Szekspir wiecznie żywy!

Historia wielkiej miłości, aż po grób Romea i Julii, tytułowych bohaterów dramatu Szekspira, od stuleci inspiruje twórców - pisarzy, reżyserów, malarzy, filozofów. Temat podjął na nowo Bartosz Jarzymowski, który przedstawił własną wizję artystyczną spektaklu. "Romea i Julię" mogliśmy obejrzeć w Krośnie, a w rolach głównych wystąpili aktorzy Teatru Współczesnego w Krakowie.
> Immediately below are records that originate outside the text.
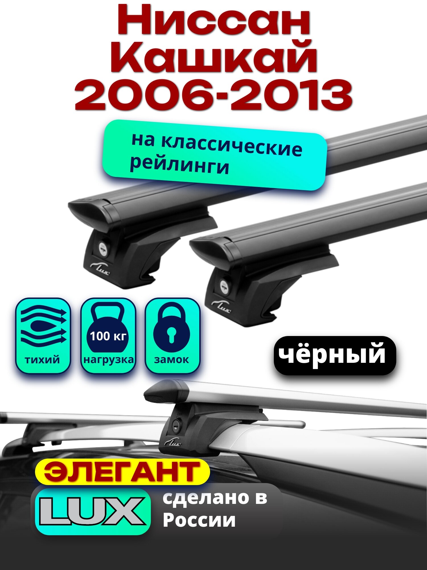 Багажник на крышу Ниссан Кашкай 2006-2013 на рейлинги, черный, дуги аэро-тревел, LUX элегант интересное:
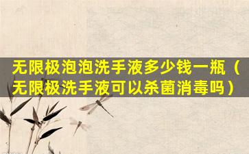 无限极(Infinitus)是一家中国的健康产品公司,其产品线涵盖了个人护理、健康食品等多个领域。关于无限极泡泡洗手液的价格,由于产品可能会有不同的规格、促销活动以及销售渠道的差异,价格会有所变动。
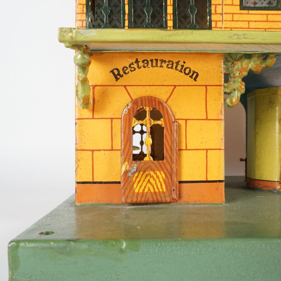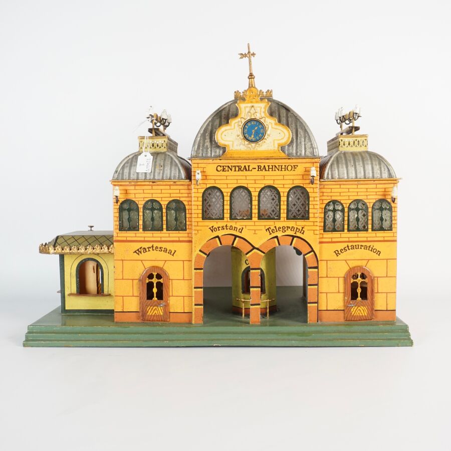 MARKLIN : Gare "Central - Bahnhof", tôle peinte, deux arches principales avec un personnage de réception, trois portes latérales avec borne lithographiée et système de cloche sonore, tampon rouge dessous, H. 38 cm. L. 46.4 cm. Larg. 24 cm (quelques possibles repeints, légères usures et écaillures, petites traces).

Akcja została umiejscowiona w czasach nam współczesnych. Oto dwoje młodych ludzi zakochuje się w sobie, lecz nie może być ze sobą ze względu na to, że pochodzą z dwóch walczących ze sobą środowisk. Porachunki gangów skutecznie uniemożliwiają happy end. Niewątpliwym atutem spektaklu były efekty specjalne: umiejętne operowanie światłem, wykorzystanie nagrań wideo. Wykorzystano również jako motyw przewodni piosenkę Edyty Bartosiewicz „"Zatańcz ze mną".
Sztuka skończyła się tragicznie. Młodzi jak u Szekspira umierają w grobowcu - oboje popełniają samobójstwo. Twórcy pragnęli uzmysłowić, że niezależnie od czasów i miejsca dorośli (rodzice) powinni starać się zrozumieć swe dzieci, nie wybierać im partnerów życiowych i nie unieszczęśliwiać innych.